Короткометражные чувства - Наталья Рубанова
Шрифт:
Интервал:
Закладка:
— Ты что, ж-ж-живая? — выдавила, заикаясь, Янка.
— А ты как хотела? Думаешь, всё продается и убивается? Вот уж нет, не дождетесь! — Дерьмовочка резво прыгнула Янке на шею и, сев, стала болтать крошечными ножками.
— Но я же тебя вырвала! Как ты могла не свариться при таком-то сиянии? — недоумевала Янка.
— Добро побеждает зло! — ехидничала Дерьмовочка.
— Я тебя ненавижу. Не-на-ви-жу… — заплакала Янка. — Сейчас пойдет Снегоf, что он будет есть? Сегодня понедельник. Сегодня должен быть тот самый праздничный ужин, который избавил бы меня от меня же… Ну почему, почему ты не сварилась вкрутую, а?
Дерьмовочка ничего не ответила и, ковырнув в носу, достала из кармашка крылышки, пристегнула те к спинке и улетела.
В тот же миг пошел Снегоf: забив на бабье лето, он шел и шел, шел и шел, укрывая собой дома, деревья, скамейки; шел, вальяжно раскидываясь на крышах и афишных тумбах, машинах и памятниках; шел и шел по вырванной Янкиной душе, не боясь, что едва наложенные швы разойдутся.
В тот день случился Покров: наконец-то земля подвернула под бока белое одеяло, а Янка, начавшая было под это дело сначала засыпать, а потом загинаться, неожиданно встрепенулась, обнаружив, что лежит как будто бы и не в снегу.
— Что это? — крикнула она, а когда поняла, хотела заплакать, но оказалось нечем.
Гниды — миллиарды, миллиарды гнид! — были везде: сверху и снизу, сбоку и с припека. То, что сначала казалось Янке Снегоfым, копошилось, роилось, колыхалось и никаким Снегоfым не являлось.
— Снегоf! — крикнула Янка, едва не потеряв сознание от омерзения. — Помоги!
— Я не могу, я на рынке работаю, — развел руками тот.
— На каком еще рынке, придурок, на каком рынке? Ты что, не видишь? — на «видишь» Янка сорвала голос.
— На Гнидном. Разведение гнид, между прочим, очень прибыльное дело, хотя и кропотливое. Весь мир теперь разводит гнид, ты разве не знала? — делано-искренне удивился Снегоf.
— Знала, но вот чтоб так… Когда копошатся… Ползают по тебе… в тебе… — зашипела Янка. — Да вытащи же меня отсюда, пока не сдохла! Они же кровь пьют, с-с-с-суки!

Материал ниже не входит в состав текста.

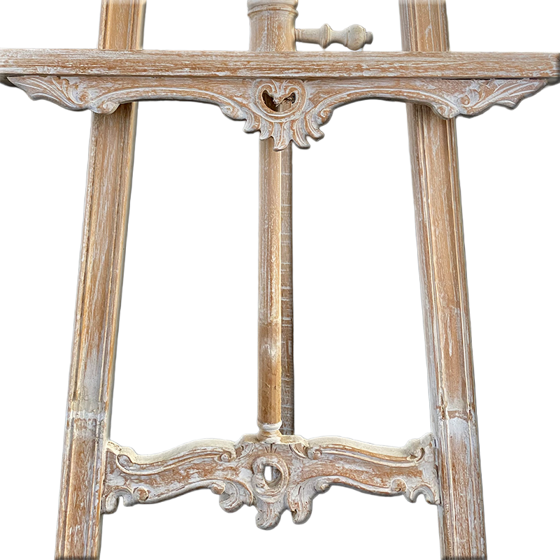 Die Staffelei beeindruckt durch kunstvolle Schnitzereien und detailreiche Ornamente. Der obere Bereich zeigt filigrane, durchbrochene Formen im Rokoko-Stil. Verschnörkelte Linien unterstreichen den dekorativen Charakter zusätzlich. Auch die unteren Partien sind reich verziert und enden in geschwungenen Füßen. Dadurch wirkt die Staffelei besonders edel. Die Gesamterscheinung vermittelt Eleganz und barocken Prunk.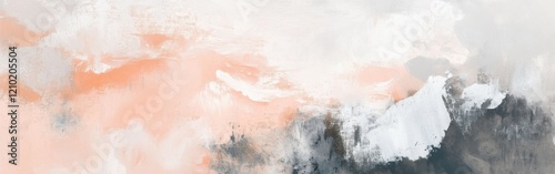 Soft pastel peach and gray chaotic abstract art creates a soothing yet dynamic atmosphere in a modern setting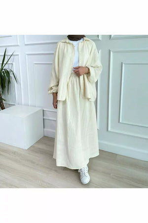 طقم تنوره وقميصمن قماش الموسلين الطبيعي والخفيف مناسب للمحجبات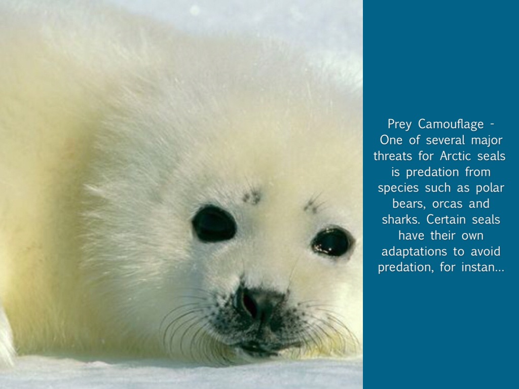 Prey Camouflage - One of several major threats for Arctic seals is predation from species such as polar bears, orcas and sharks. Certain seals have their own adaptations to avoid predation, for instance baby harp seals have white coats to blend in with the snow.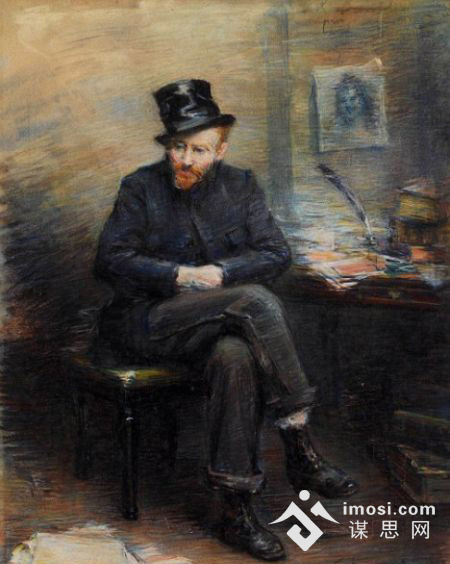 这一点得到了英国面部识别专家的肯定,除此之外,很多艺术史和梵高专家也认为画中人有很大可能是梵高本人。这幅画的背面有L'Incompris' 的字样,翻译过来是“误解”的意思,背面还有Jeanne Donnadieu(让娜-多纳迪厄)的签名,她是一位法国女艺术家。很少有人知道,当年,梵高与弟弟提奥住在巴黎期间,让娜-多纳迪厄是梵高的邻居,他们彼此的家就只隔着4个门。让娜曾为梵高画过一幅全身像,很有可能就是这幅。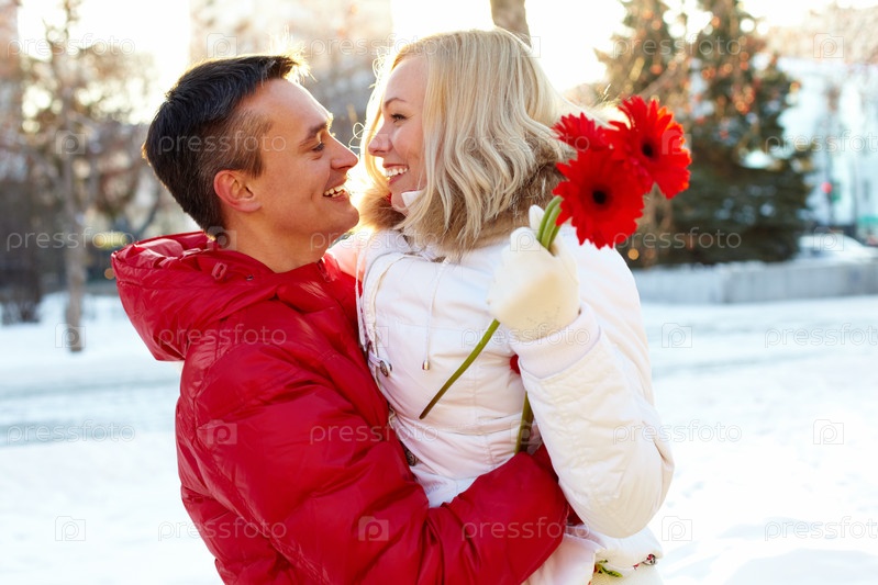 Романтическая пара на улице зимой

Кро-о-овь…
— Я работаю по контракту. Я не имею права, — развел руками Снегов.
— Ш-ш-што? Да пош-ш-шел ты… — зашипела было Янка, но осеклась: огромная гнидная лавина, похожая на саван, уже сползала на нее.
И тут нашей истории пришел бы самый настоящий конец, кабы не Дерьмовочка. Что она сделала, остается до сих пор неясным (тайна искусства, хм), но то, что Летняя обнаружила себя на пятачке у той самой церкви, где, сидя на скамейке, держала в руках Миллера и Miller, а часы ее показывали четыре, сомнению не подлежало.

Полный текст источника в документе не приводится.